- [Supplied material]:

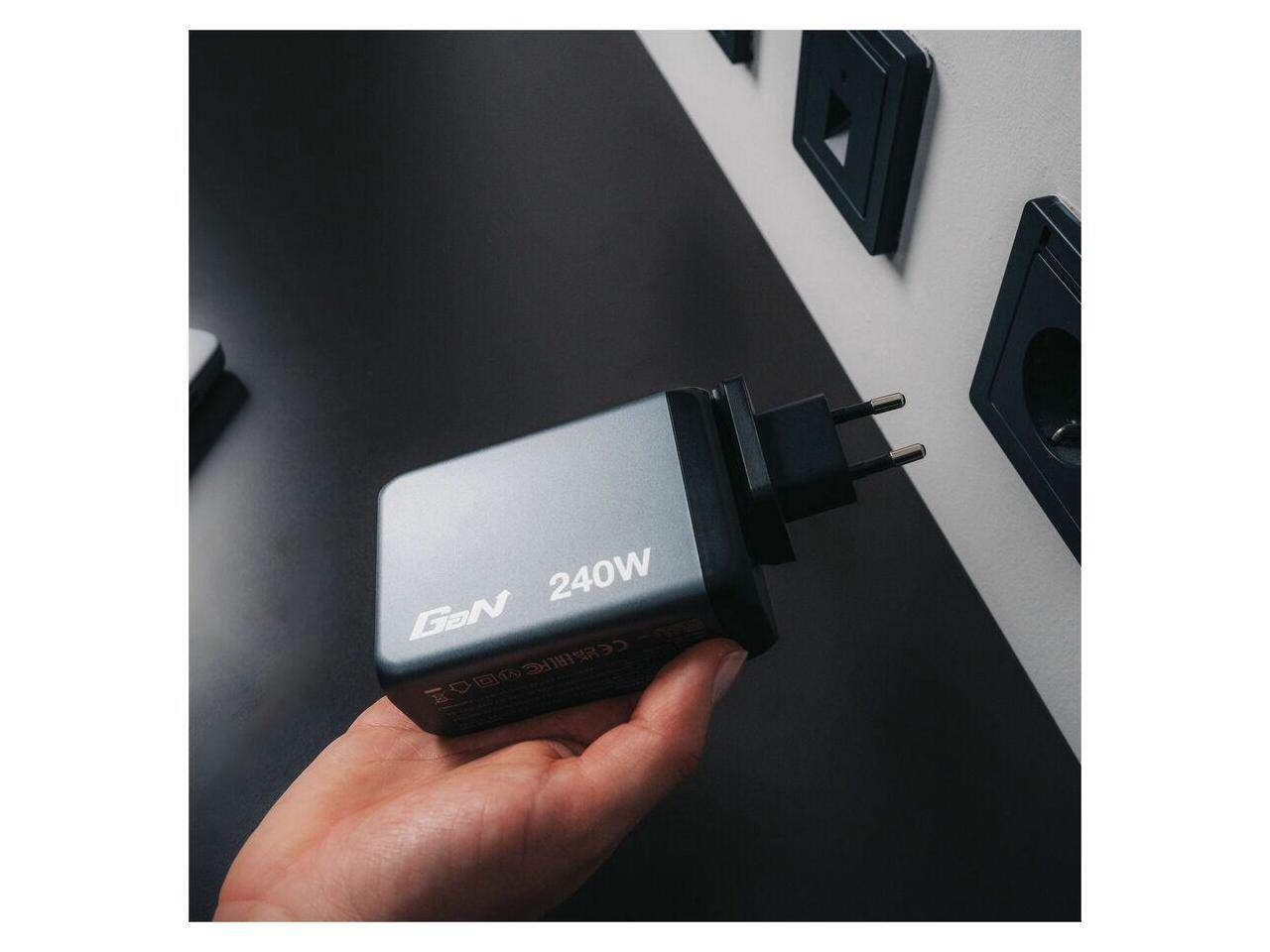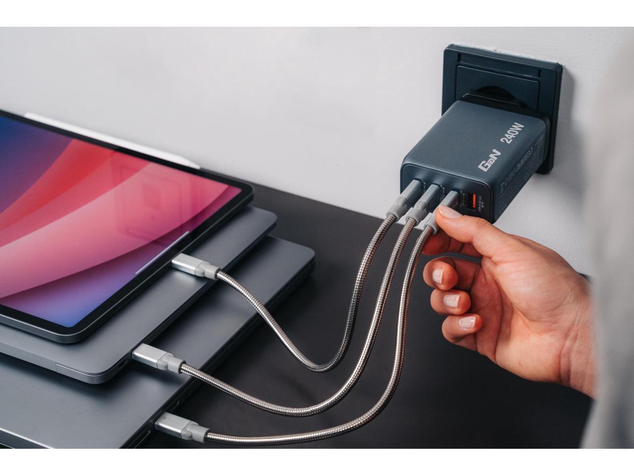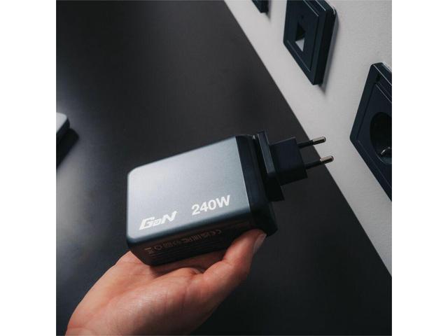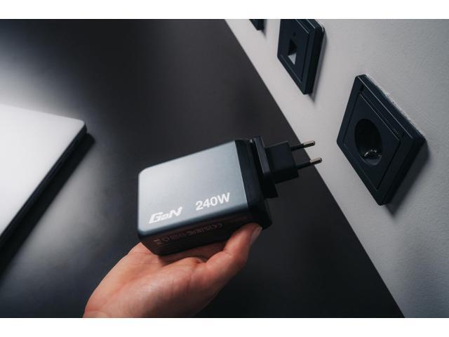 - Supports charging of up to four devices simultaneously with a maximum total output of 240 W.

...

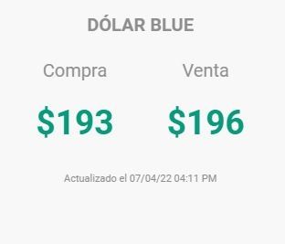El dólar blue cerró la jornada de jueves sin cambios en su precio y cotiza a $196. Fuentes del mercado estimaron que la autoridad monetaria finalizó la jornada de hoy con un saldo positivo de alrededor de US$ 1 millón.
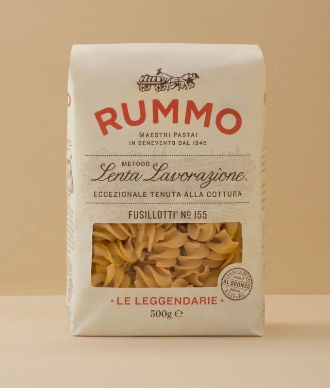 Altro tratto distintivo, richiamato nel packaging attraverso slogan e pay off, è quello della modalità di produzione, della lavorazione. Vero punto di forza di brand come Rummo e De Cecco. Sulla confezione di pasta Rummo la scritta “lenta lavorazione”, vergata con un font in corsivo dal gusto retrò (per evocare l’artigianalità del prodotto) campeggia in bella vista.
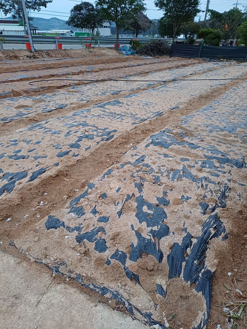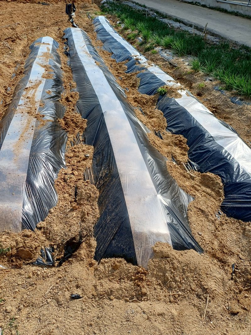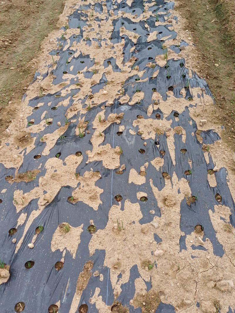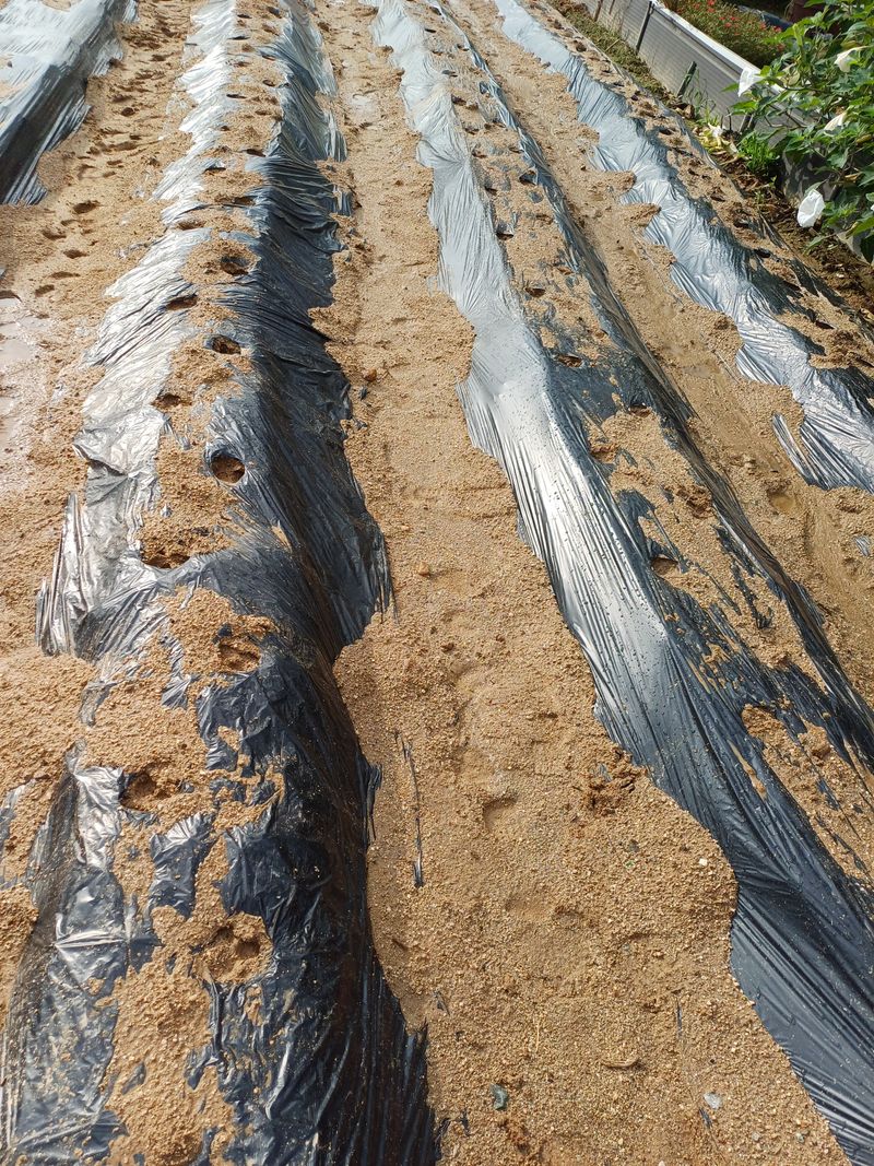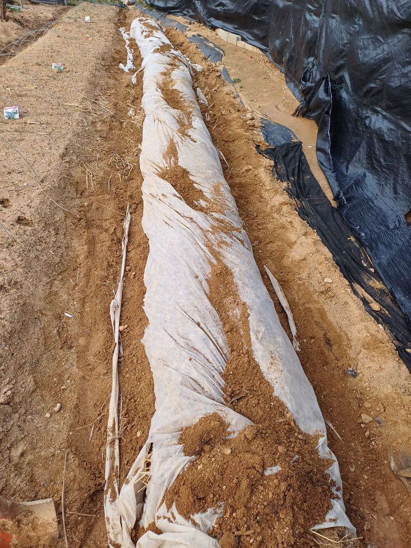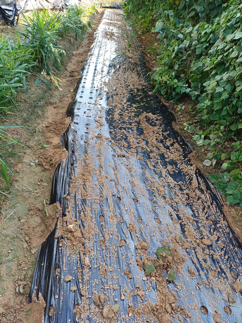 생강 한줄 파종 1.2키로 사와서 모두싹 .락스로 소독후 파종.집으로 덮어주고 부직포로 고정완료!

- [Problem to solve]: Which part of the entries opens with the line containing "Altro tratto distintivo, richiamato" and closes with the line containing "생강 한줄 파종 1.2키로"? Output that part exactly, ends included, pictures excluded.

- [Solution to the problem]:
 Altro tratto distintivo, richiamato nel packaging attraverso slogan e pay off, è quello della modalità di produzione, della lavorazione. Vero punto di forza di brand come Rummo e De Cecco. Sulla confezione di pasta Rummo la scritta “lenta lavorazione”, vergata con un font in corsivo dal gusto retrò (per evocare l’artigianalità del prodotto) campeggia in bella vista.
 생강 한줄 파종 1.2키로 사와서 모두싹 .락스로 소독후 파종.집으로 덮어주고 부직포로 고정완료!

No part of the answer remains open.